There are several issues in using np.dot in the previous cells. It can be very confusing to read a code with np.dot as you are trying to understand what operation is actually intended. The reader is required first to read the documentation of np.dot and then probe the shape of the input parameters to interpret the expression.

To avoid confusion, consider the following practice:

Use the explicit @ operator for matrix-matrix and matrix-vector products.
Use the explicit * operator for element-wise products or broadcasted products.
Use the explicit np.inner function for innter product between 1-D vectors, same for np.outer function.

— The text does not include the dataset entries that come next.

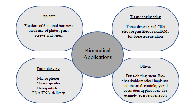Fig. 3: Biomedical applications of PLA synthesis of P4HB (Source: author)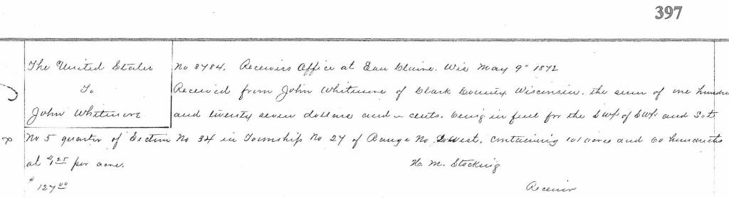 US to JOHN Whitmore 9 May 1872, sec 34, twnshp 27. [JOHN and JULIA nee Lambert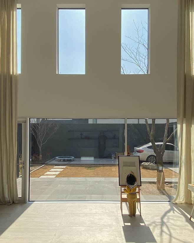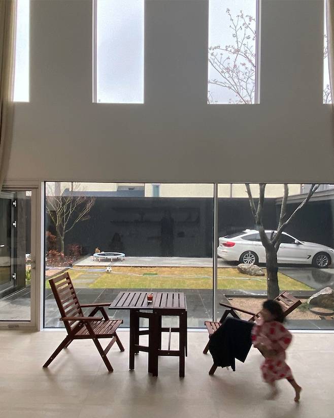 현관의 픽스창이 많이 커서 마당 전체가 시원하게 보여요. 아침에 해뜰 때 동쪽에서 해가 들어 옵니다.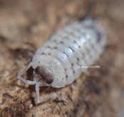 透明感のある白い体にオレンジっぽいスポットが入るとても綺麗なワラジムシです。

When you intend to work with an object as a 1-D vector, make sure you don’t have excessive dimensions with size 1 of your array.

# shape: (1, 2)
v4 = np.array([[5, 6]])

# shape: (2, 1)
v5 = np.array([[5], [6]])

# This works due to broadcasting rules.
v4 * v5

array([[25, 30],
       [30, 36]])

f'v4.shape: {v4.shape}, v5.shape: {v5.shape},  v4.ndim: {v4.ndim},  v5.ndim: {v5.ndim}'

'v4.shape: (1, 2), v5.shape: (2, 1),  v4.ndim: 2,  v5.ndim: 2'

To fix this and deal with them as vectors:

v4 = v4.squeeze() # Now shape: (2, )
v5 = v5.squeeze() # Now shape: (2, )

f'v4.shape: {v4.shape}, v5.shape: {v5.shape},  v4.ndim: {v4.ndim},  v5.ndim: {v5.ndim}'

'v4.shape: (2,), v5.shape: (2,),  v4.ndim: 1,  v5.ndim: 1'

v4 * v5

array([25, 36])

General practice to improve readability and avoid unexpected behaviour:

When possible use explicit expressions instead of general functions like np.dot.
Ensure objects representing 1-D vectors have ndim==1. If you are writing a function that deals with vectors and parameters use assert statements to make sure the input parameters match what you expect.
Never use the deprectated np.matrix class but always np.array.

Linear Regression

Section 1: Intro to Linear regression

Partly adapted from Deisenroth, Faisal, Ong (2020).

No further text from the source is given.